Bajo la tutela de Jovellanos estuvo Juan Agustín Ceán Bermúdez, autor de un muy celebrado Diccionario histórico de los más ilustres profesores de las bellas artes en España, editado en seis volúmenes, con el que se cierra el siglo, pues se publica en 1800, y, consecuentemente, último apunte con el que nosotros cerramos nuestro recorrido. Nada nuevo encontramos en la obra de Ceán que previamente no se dijera en su siglo sobre El Greco. Sus palabras acerca del pintor de Toledo adoptan una postura fluctuante entre el elogio a su capacidad y los consabidos calificativos: «desabrido, extravagante».
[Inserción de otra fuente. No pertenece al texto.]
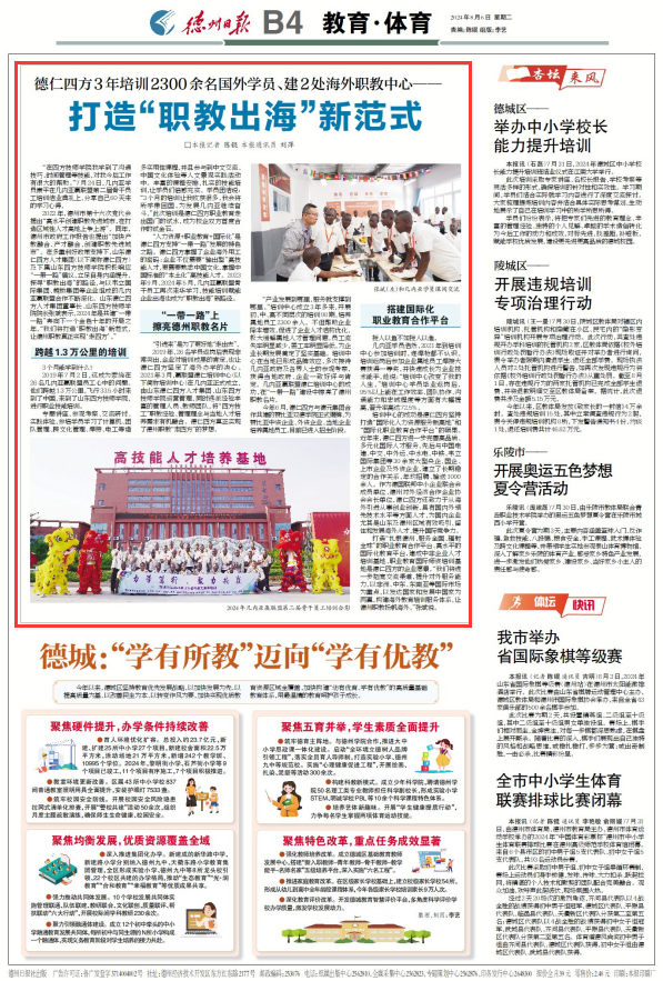 2022年,德州市第十六次党代会提出“高水平创建职教先进城市,在打造区域性人才高地上争上游”。同年,德州市政府工作报告也提出“加快产教融合、产才融合,创建职教先进城市”。在多重利好政策支持下,山东德仁四方人才集团(以下简称德仁四方)及下属山东四方技师学院积极响应“一带一路”倡议,立足自身内涵提升,探寻“职教出海”的路径,与以韦立国际集团、魏桥集团等企业组成的几内亚赢联盟合作不断深化。山东德仁四方人才集团董事长、山东四方技师学院院长张斌表示,2024年是共建“一带一路”奔向下一个金色十年的开局之年,“我们将打造‘职教出海’新范式,让德州职教真正实现‘走四方’。”
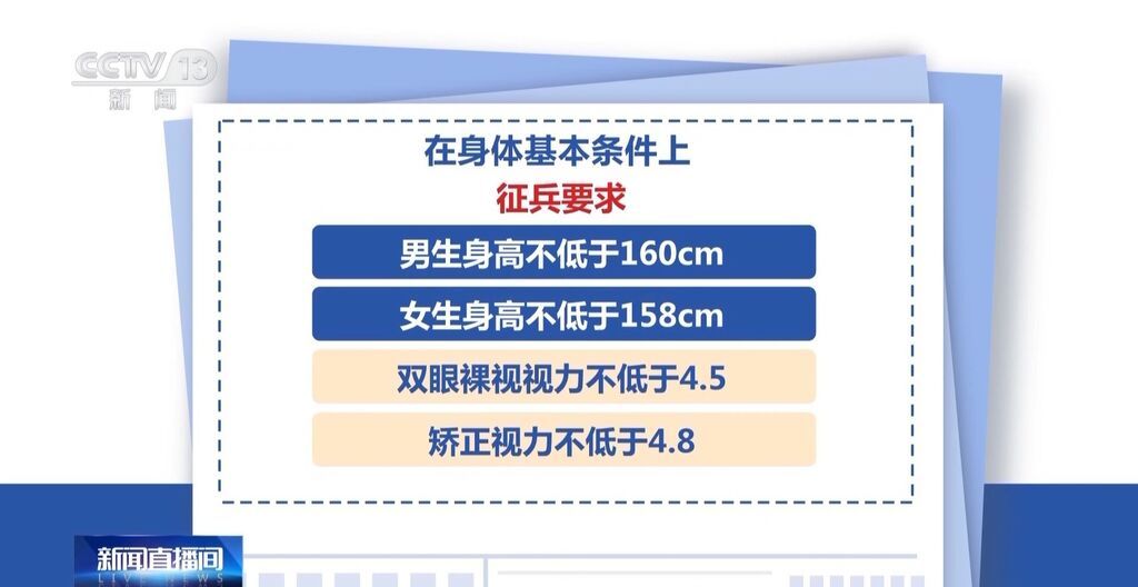 在身体基本条件上,征兵要求男生身高不低于160cm,女生不低于158cm,双眼裸视视力不低于4.5,矫正视力不低于4.8,具体标准可查询全国征兵网(http://www.gfbzb.gov.cn/)体格检查标准摘要。有意向参军入伍的大学生,需登录“全国征兵网”,如实填写相关信息报名应征。

En síntesis, el siglo XVIII, neoclásico, repudió el estilo personalísimo de El Greco, pero también el siglo XVIII, crítico, ilustrado, supo ver en El Greco la altura de un gran artista. Deberemos esperar todavía un largo periodo para que Manuel Bartolomé Cossío nos brindara una imagen revivificada del pintor; por medio, un siglo XIX en que la admiración y la fascinación crecían al compás al que avanzaba la centuria.